Metrics are not reset after consumer restart
aikoven opened this issue · 4 comments
In my app each consumer gets unique generated client_id
. When I restart all consumers, Kafka assigns partitions to their new client_id
s, but kafka_consumergroup_group_lag
metrics for old client_id
s remain in the output until I restart kafka-lag-exporter
.
The graph below shows stacked values of kafka_consumergroup_group_lag
for each client_id
on the first start, after restart of consumers, and then after restart of kafka-lag-exporter
:
The prometheus query is:
sum(kafka_consumergroup_group_lag) by (client_id)
Thanks for trying out the project @aikoven. The client_id
is generated by Kafka clients (by default) and is used to differentiate different Kafka clients. You probably want to aggregate on the group
label, which is the same group.id
you specify in your Kafka consumer properties configuration.

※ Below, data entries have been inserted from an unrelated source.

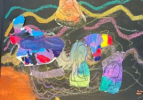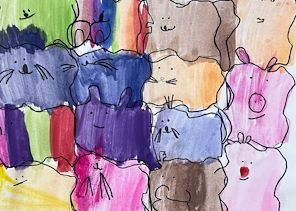 Colorful. I bet there is a meaning to it buddy. Good job. Mom loved it. Keep on drawing.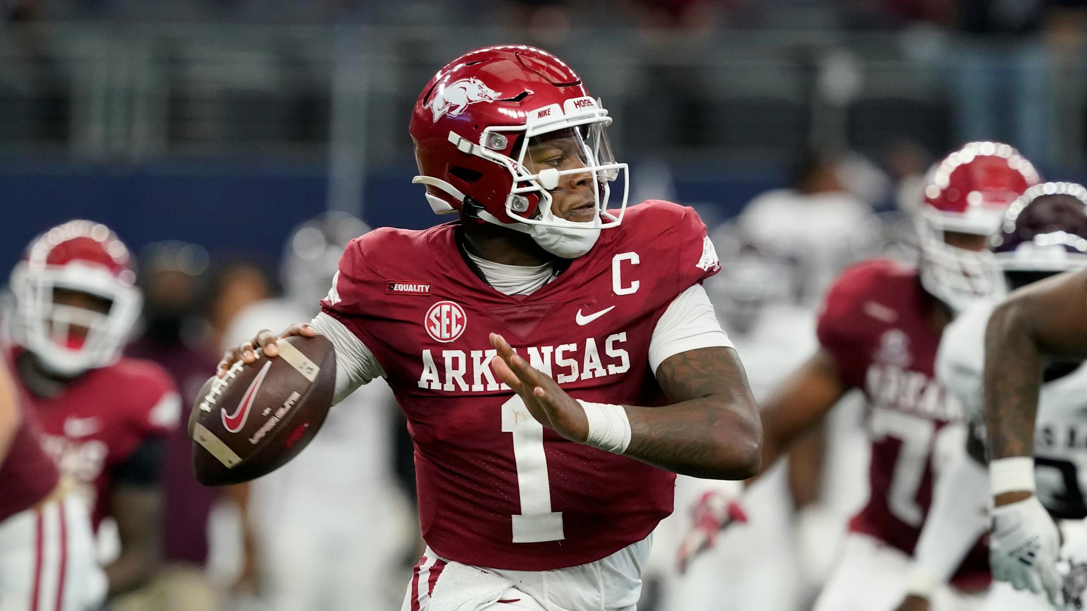 Under second-year coach Sam Pittman, the No. 8 Razorbacks already have won the mythical Texas state championship, beating both Texas (40-21) and Texas A&M (20-10) and rushing for 530 yards in the process. Starting Saturday, they start a three-game stretch against No. 2 Georgia, No. 12 Ole Miss and No. 22 Auburn.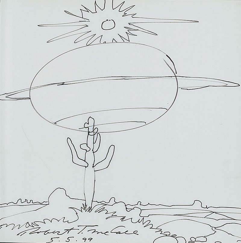 Signed book: The Art of Robert McCall. First edition, first printing. NY: Bantam Books, 1992. Hardcover with dust jacket, 11.5 x 11.5, 150 pages. Signed on the first free end page in black felt tip, “Robert T. McCall, 5-5-99,” adding a large sketch of a planetary landscape, with a large planet and sun in the sky. In fine condition.
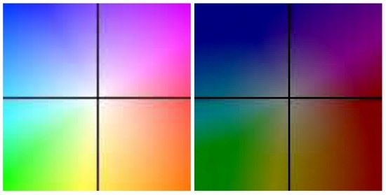 Color coding for occupancy grid speed vectors (full and half occupancy). The hue represents the direction (i.e., red means the obstacle cell is moving to the right), the saturation represents the speed magnitude, and the intensity represents the occupancy probability of the grid [16]. © 2011 IEEE. Reprinted, with permission, from IEEE Transactions on Intelligent Transportation Systems, Vol. 12, No. 4.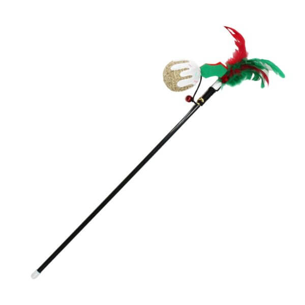 Cannes à pêche pour chats à thème de Noël avec de l'herbe à chat et une clochette : pour des moments interactifs de chasse et de jeu qui plongeront tous les chats dans l'ambiance festive !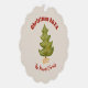 Navidades de keepsake simples y minimalistas, adorno de papel con foto en la parte posterior. Creado a partir de un árbol de Navidad acuarela dibujado a mano en un estilo kitsch. Arte original de Leslie Larson.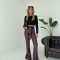 Бордовые кожаные брюки с расклешенными штанинами и разрезами, размер S, длина 115 см, внутренняя длина 85 см, идеальная посадка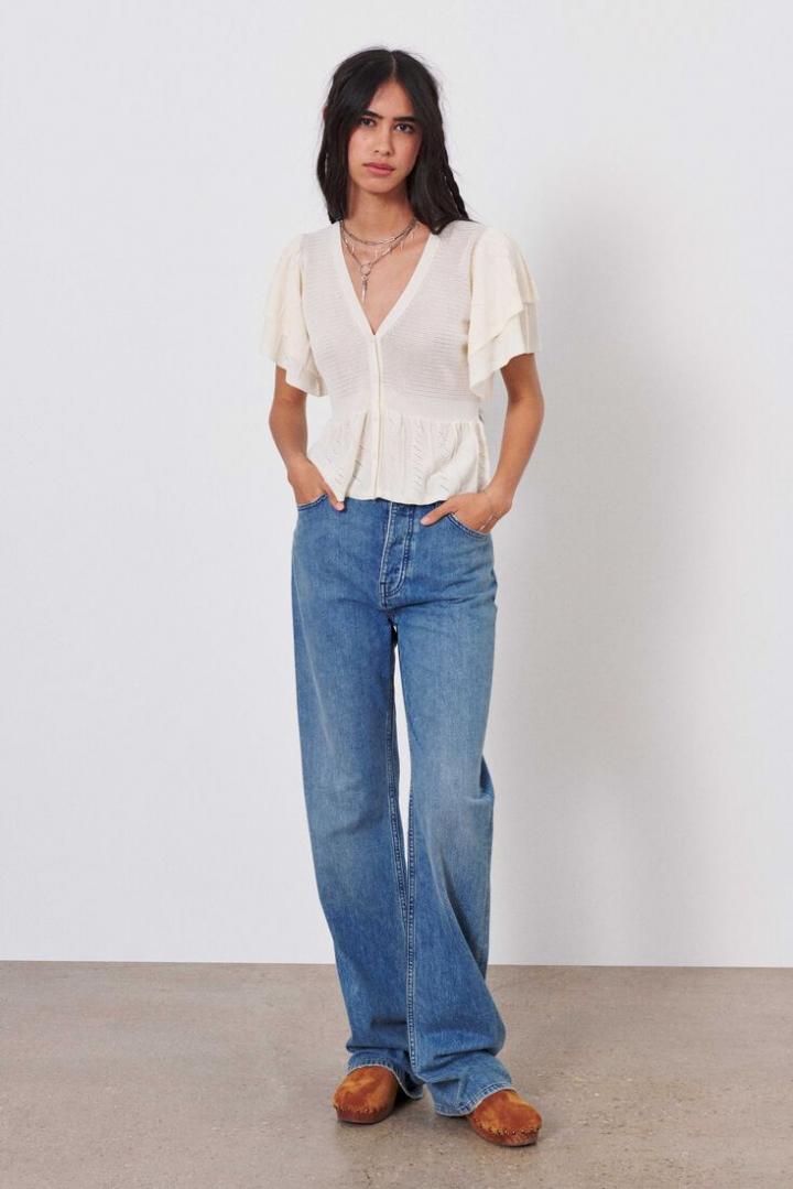 description Le gilet ACACIO ba&sh affiche une allure féminine ultra-séduisante. Ce gilet à encolure en V se distingue par sa double manche volantée avec jeux de pointelle et sa forme basque en bas. Il est confectionné dans un fil très fin, associant une maille légèrement ajourée sur le haut, une côte 1×1 à la taille pour resserrer le tricot et des jeux de pointelle sur la basque. A noter : les petits boutons ton sur ton. Un petit gilet féminin, très léger, parfait sur un jean pour une silhouette actuelle et délicate.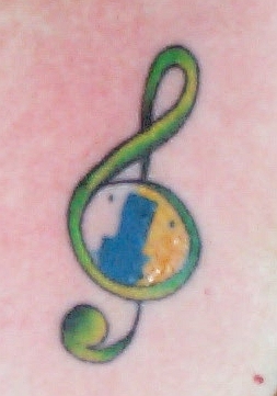 I designed this to be significant for my life with my husband. The G Clef represents music. Music is very important to me and is also one of the most significant things that Mike and I have in common. The color in the middle of the bottom of the G-clef is the icon of the software that we were both using when we met each other. Yes, we met on the web.....See front page for more info on that...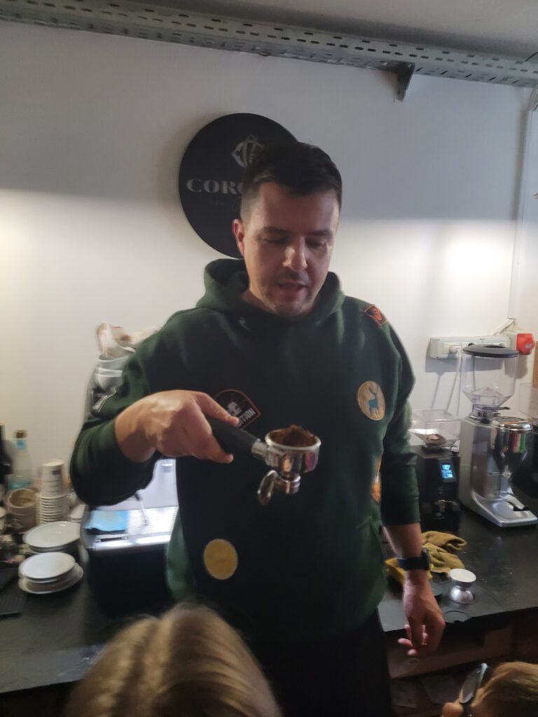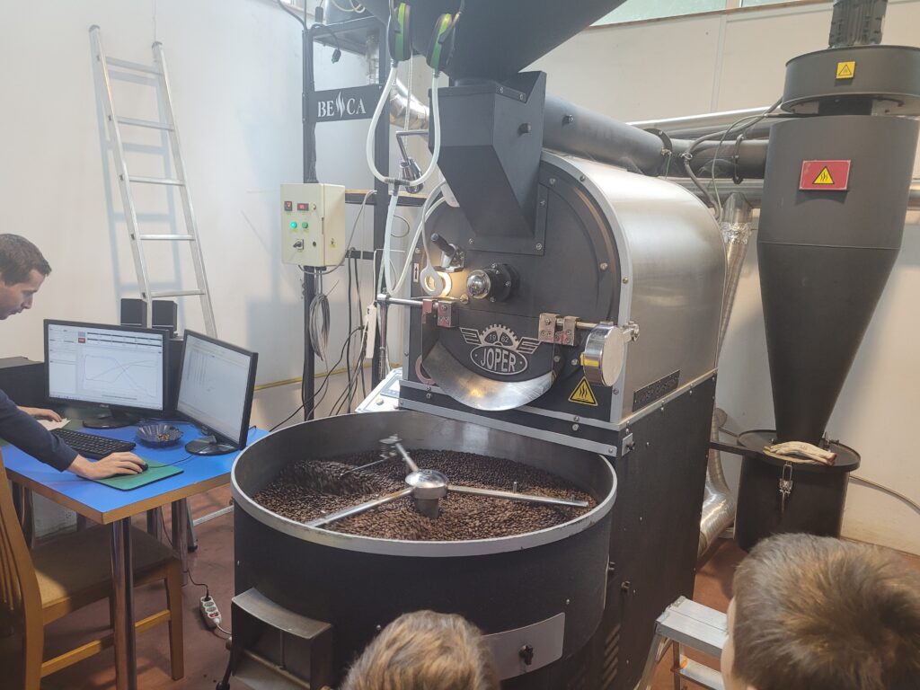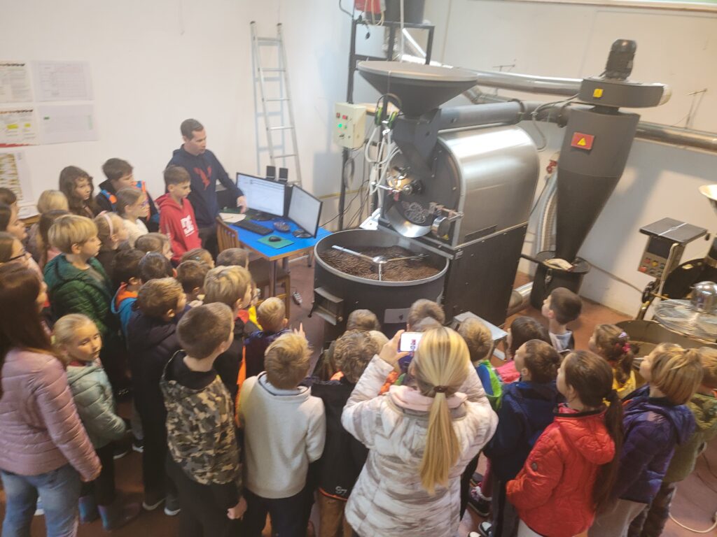 Mmmm, kako je dišalo. Seveda smo se tega vonja najbolj razveselile učiteljice ampak tudi učenci niso ostali ravnodušni. Prijazna lastnika Rok in Tadej sta nas z veseljem sprejela in nam razkazala ter nas podučila vse o praženju in pravilni pripravi kave. Predstavila sta nam stroj za praženje, pokazala kako deluje, kako natančen moraš biti pri praženju, povedala da je čas praženja zelo pomemben za okus kave. Ko smo si vse pogledali in preizkusili pa nam je lastnik Rok pokazal še pravilno pripravo kave. To je šele bilo zanimivo. Učiteljice smo bile postrežene z najboljšo kavo. Žal učenci kave niso poskusili, so jo pa vonjali, pražili in izvedeli veliko novega.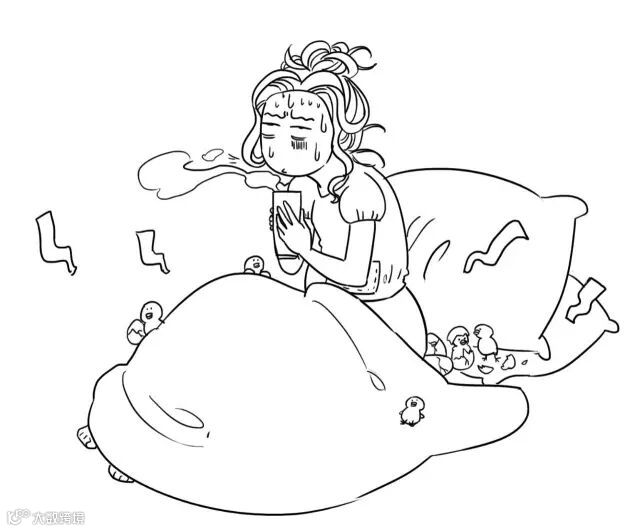 喝着滚烫的红糖姜水敷着暖宝宝盖着被。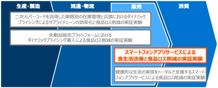 その一つである本実証実験は、消費者行動の変容による食品ロスの削減を目的に、販売から消費までを主な対象として実施します。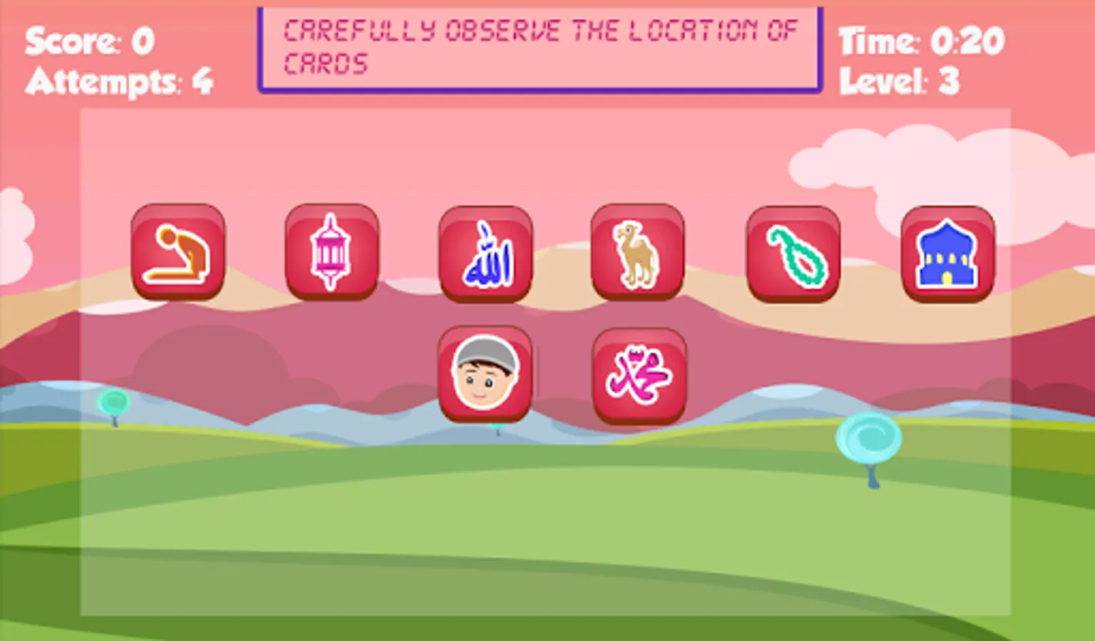 Islamic Memory is a free mobile game that challenges your mind’s ability to grasp the images and focus. It checks how much attention your mind gives and how quickly your mind responds in return.

In this case, I would get a single series for the whole group. But I'd like to monitor the lag for each consumer in the group separately.
The problem is — even if a consumer is no longer assigned a partition, its metrics still show up.
I see. Yes, this is also a problem for old consumer groups that no longer exist. When a metric is set for a particular set of labels it will remain on the prometheus endpoint until it's explicitly unset. The fix would be for the exporter to either reset all metrics each reporting interval, or determine how to selectively unset metrics that are no longer valid according to information retrieved from the consumer group coordinator.